Sakura worries for her other three children. Naruto's boys. Wonders if one day they will realize that what she is giving them is only half love. That she gingerly ties their shoelaces, and kisses their broad grinning cheeks, and gets their milk just right, testing the temperature on the soft insides of her wrist because she has to. Because it is expected of her. Not because she cares. Or holds anything for them that is even remotely close to the delicate, burning love she had for Karasu. That is why she had to set him free to fly away.

Despite everything she hopes the boys can forgive their father. Or at least come to understand his absences and his bitterness. You can't be blamed for what you become, at least not wholeheartedly.

Sakura steps around a patch of spiny brambles curving into an archway over a treasure trove of used condoms. Something glints in the faded sunlight and she sees the window.
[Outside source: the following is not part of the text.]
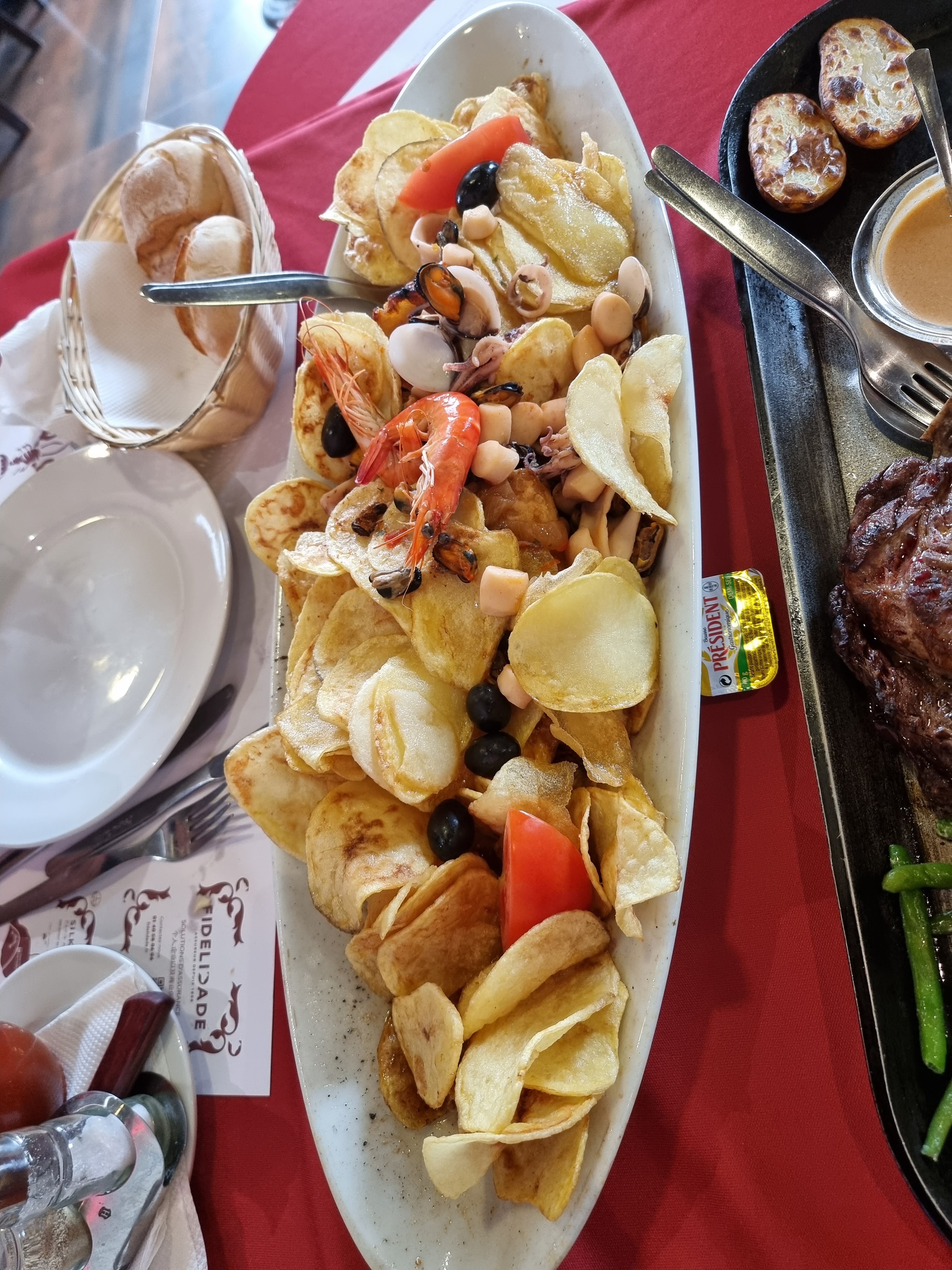 Bon restaurant la viande est très bonne comme les crustacés. La quantité est là Juste déçu par les frites surgelés....

The only one still intact amongst all the gaping black squares hanging open like infant's mouths with their tiny jagged glass teeth.

She stops and studies herself carefully in the soft, honeyed light. Perhaps she came here again to say goodbye. But may'be it is a little more so than that. In the back of her heart down a chunk of winding steps in a tiny room she keeps locked and never opens. Is a little girl with long shining hair and a wide, blemish free grin. A little girl who still believes in magic and good in the world.
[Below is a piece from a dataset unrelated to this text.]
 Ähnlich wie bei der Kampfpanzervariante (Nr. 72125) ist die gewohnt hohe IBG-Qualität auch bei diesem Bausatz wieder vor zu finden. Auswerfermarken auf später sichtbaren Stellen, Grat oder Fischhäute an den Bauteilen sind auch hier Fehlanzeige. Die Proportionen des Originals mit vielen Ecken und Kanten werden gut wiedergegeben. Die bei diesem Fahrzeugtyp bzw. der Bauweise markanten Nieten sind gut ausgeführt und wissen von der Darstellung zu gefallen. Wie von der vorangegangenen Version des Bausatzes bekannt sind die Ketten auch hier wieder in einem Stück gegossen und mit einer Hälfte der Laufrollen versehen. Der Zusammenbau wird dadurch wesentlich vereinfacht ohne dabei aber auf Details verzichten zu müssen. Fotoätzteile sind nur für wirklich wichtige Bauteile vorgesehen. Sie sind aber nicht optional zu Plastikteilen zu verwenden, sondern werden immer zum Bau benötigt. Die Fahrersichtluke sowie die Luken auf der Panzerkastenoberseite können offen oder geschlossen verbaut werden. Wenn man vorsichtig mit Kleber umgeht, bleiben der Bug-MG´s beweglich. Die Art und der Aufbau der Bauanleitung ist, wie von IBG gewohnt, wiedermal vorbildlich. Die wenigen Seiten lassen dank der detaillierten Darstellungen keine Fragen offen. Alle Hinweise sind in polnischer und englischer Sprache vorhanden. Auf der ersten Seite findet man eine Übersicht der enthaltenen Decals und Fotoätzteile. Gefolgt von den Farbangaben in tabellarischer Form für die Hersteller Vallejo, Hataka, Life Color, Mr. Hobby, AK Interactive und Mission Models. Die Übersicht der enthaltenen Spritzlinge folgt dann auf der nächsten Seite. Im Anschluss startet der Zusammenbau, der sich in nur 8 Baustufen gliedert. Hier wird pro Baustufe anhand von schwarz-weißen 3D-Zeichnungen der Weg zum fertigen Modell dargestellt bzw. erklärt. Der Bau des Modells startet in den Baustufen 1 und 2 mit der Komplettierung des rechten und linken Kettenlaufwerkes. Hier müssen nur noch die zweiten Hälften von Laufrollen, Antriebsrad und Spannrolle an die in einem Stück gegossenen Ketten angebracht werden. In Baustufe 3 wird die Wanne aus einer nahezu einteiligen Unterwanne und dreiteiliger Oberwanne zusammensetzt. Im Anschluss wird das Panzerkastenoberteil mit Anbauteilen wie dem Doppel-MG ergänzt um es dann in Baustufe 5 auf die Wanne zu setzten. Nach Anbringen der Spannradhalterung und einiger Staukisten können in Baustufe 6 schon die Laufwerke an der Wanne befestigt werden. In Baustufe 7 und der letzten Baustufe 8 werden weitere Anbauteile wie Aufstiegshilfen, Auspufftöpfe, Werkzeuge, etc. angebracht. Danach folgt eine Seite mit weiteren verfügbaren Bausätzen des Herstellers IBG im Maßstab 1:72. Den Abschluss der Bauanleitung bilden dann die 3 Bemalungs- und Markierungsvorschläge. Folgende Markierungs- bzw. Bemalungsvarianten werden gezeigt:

She came in search of a glimpse of silver hair, the faintest scent of golden booze staining the green flak of a canvas vest in the air. She came to find a little boy with blue-black hair climbing out of a basket, a boy with bottomless eyes. A man with the same hair, with the same eyes, with a mouth like a mighty whip lashing her a thousand kisses.
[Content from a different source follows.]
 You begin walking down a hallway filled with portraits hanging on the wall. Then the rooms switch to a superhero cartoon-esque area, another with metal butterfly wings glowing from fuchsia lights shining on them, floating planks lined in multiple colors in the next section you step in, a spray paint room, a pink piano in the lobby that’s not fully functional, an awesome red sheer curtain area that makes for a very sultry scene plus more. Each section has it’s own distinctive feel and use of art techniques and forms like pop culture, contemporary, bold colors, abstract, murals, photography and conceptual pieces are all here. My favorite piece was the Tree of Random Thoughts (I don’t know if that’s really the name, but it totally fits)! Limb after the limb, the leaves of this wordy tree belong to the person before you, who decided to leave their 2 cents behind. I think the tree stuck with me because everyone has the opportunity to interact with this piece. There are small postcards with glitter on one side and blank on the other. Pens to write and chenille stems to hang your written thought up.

Sometimes Sakura wonders if her boys miss her while she's gone at all. If Naruto is thinking of her, while he sits robed and regal in his office signing insignificant papers. Or if he is only preoccupied with thoughts of overtaking the world. But mostly she thinks of black roses and ravens with watchful eyes, and ginger root and the touch of his bone white hands. And it seems enough to have been loved even if it was only once.

Despite all these years, she is still the rabbit hearted fool with not enough voice or chance to tell her story. But considering the bottomless eyes she has known, and the trails curving down a body she has traveled, that is okay. In the unbroken glass she can see all of the lines creasing her face. Every string of syntax and punctuation mark.